This repo contains the source code for our KDD'2023 paper titled ToP: Constraint-aware and Ranking-distilled Token Pruning for Efficient Transformer Inference. ToP is a constraint aware token pruning method that are applicable to various models such as BERT and RoBERTa, and various datasets such as GLUE and 20news. Check our paper for more details.

Installation

conda create -n top python=3.8.8
conda activate top
pip3 -r requirements.txt

Results and Models

Task Metric FLOPs Reduction Score Checkpoint Training Log
CoLA Matthews 10.39x 60.3 link link
RTE Accuracy 7.71x 68.3 link link
QQP Accuracy 12.41x 90.9 link link
MRPC F1 7.71x 89.1 link link
SST2 Accuracy 4.66x 93.4 link link
MNLI Accuracy 6.68x 83.4 link link
QNLI Accuracy 6.16x 89.0 link link
STSB Pearson 7.20x 86.6 link link

Evaluation

  1. Download the checkpoint from the table above. For example, to download CoLA best checkpoint:
  # Download model checkpoint from huggingface.
  # Make sure you have git-lfs installed.
  #   sudo apt-get update
  #   sudo apt-get install git-lfs
  #   git lfs install
  git clone https://huggingface.co/senfu/bert-base-uncased-top-pruned-cola
  1. Run the evaluation.

    bash scripts/run_Evaluation.sh $TASK $CHECKPOINT_FOLDER $GPU_ID

Training

An example command to run ToP for SST-2:

bash run_token_prune.sh

There are a few parameters that we can tune to change the pruning behaviors and get better results:

  • SPARSITY: the target token sparsity (excluding padding)
  • PRUNE_LOCATION: the layers that we want to perform token pruning on. It can be either 2,3,4,5,6,7,8,9,10,11 or 3,4,5,6,7,8,9,10,11.
  • LEARNING_RATE: finetuning learning rate.
  • REG_LEARNING_RATE: l0 regularization learning rate.
  • DISTILL_RANK_LOSS_ALPHA: the loss factor of rank distillation loss

NOTE on reproducing paper results:

Due to the inevitable random cuda behavior introduced during the pruning process, the training results are different if you are using different environment. we recommend you to use the same environment listed below in order to correctly reproduce the results:

  • Ubuntu 18.04
  • NVIDIA V100 GPU, cuda11.1-cudnn8
  • Python 3.8.8
  • Torch 1.12.1+cu102
  • Transformers 4.16.0
  • Numpy 1.24.4
  • Scipy 1.7.3

We conducted a grid search when producing the results reported in the paper. Following BERT finetuning guidance, we search over learning rate, l0 regularization learning rate and loss factor of rank distillation loss.

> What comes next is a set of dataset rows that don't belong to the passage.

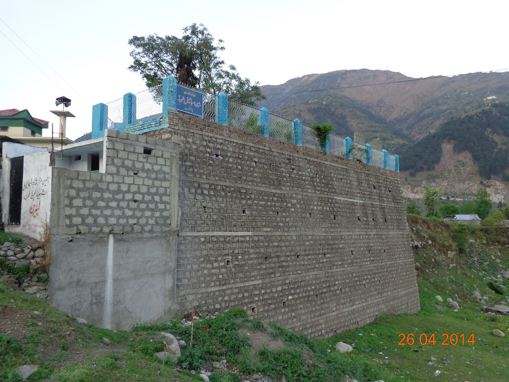 Photographer : Ahmad Abdullah Saqib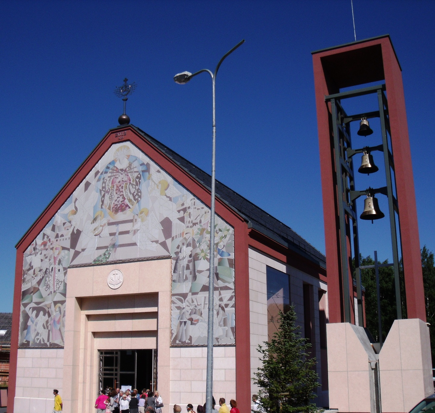 St. Francis Asisi Church. Photo taken in 2013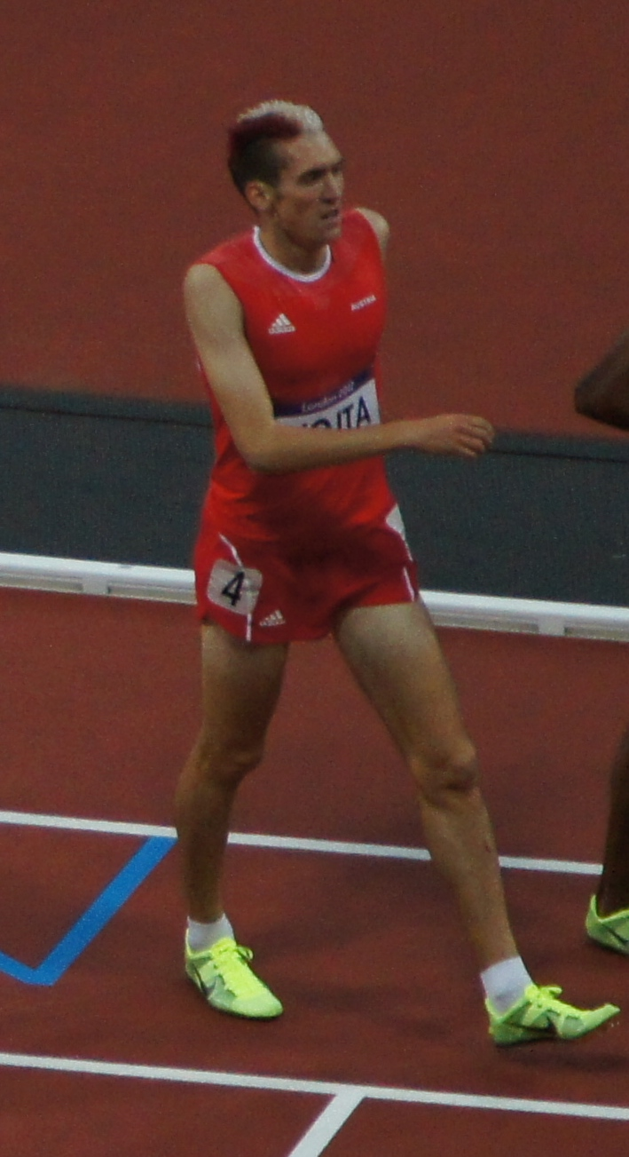 Andreas Vojta at the 2012 Summer Olympics

  • learning rate: {6e-5, 5e-5, 4e-5, 3e-5, 2e-5, 1e-5}
  • l0 regularization learning rate: {0.04, 0.02, 0.01}
  • the loss factor of rank distillation loss: 1e-2 ~ 1e-5

For other parameters, we recommend using the configuration listed below:

Hyperparameters CoLA RTE QQP MRPC SST2 MNLI QNLI STSB
BIN_NUM 20 100 50 50 25 50 50 30
TOPK 10 20 20 20 20 20 20 20
WARMUP_EPOCHS 50 50 10 150 10 10 10 50
EPOCHS 100 80 40 200 40 40 40 150
SPARSITY 0.43 0.59 0.65 0.67 0.4 0.5 0.58 0.7

Deployment

Currently, token pruning acceleration for on-device deployment is missing in the code base. We are working on its implementation and plan to release the code soon. Stay tuned for updates.

Citation

If ToP is useful or relevant to your research, please kindly recognize our contributions by citing our paper:

@article{li2023constraint,
  title={Constraint-aware and Ranking-distilled Token Pruning for Efficient Transformer Inference},
  author={Li, Junyan and Zhang, Li Lyna and Xu, Jiahang and Wang, Yujing and Yan, Shaoguang and Xia, Yunqing and Yang, Yuqing and Cao, Ting and Sun, Hao and Deng, Weiwei and Zhang, Qi and Yang, Mao},
  booktitle = {Proceedings of the 29th ACM SIGKDD Conference on Knowledge Discovery and Data Mining},
  publisher = {Association for Computing Machinery},
  series = {KDD '23}
  year={2023}
}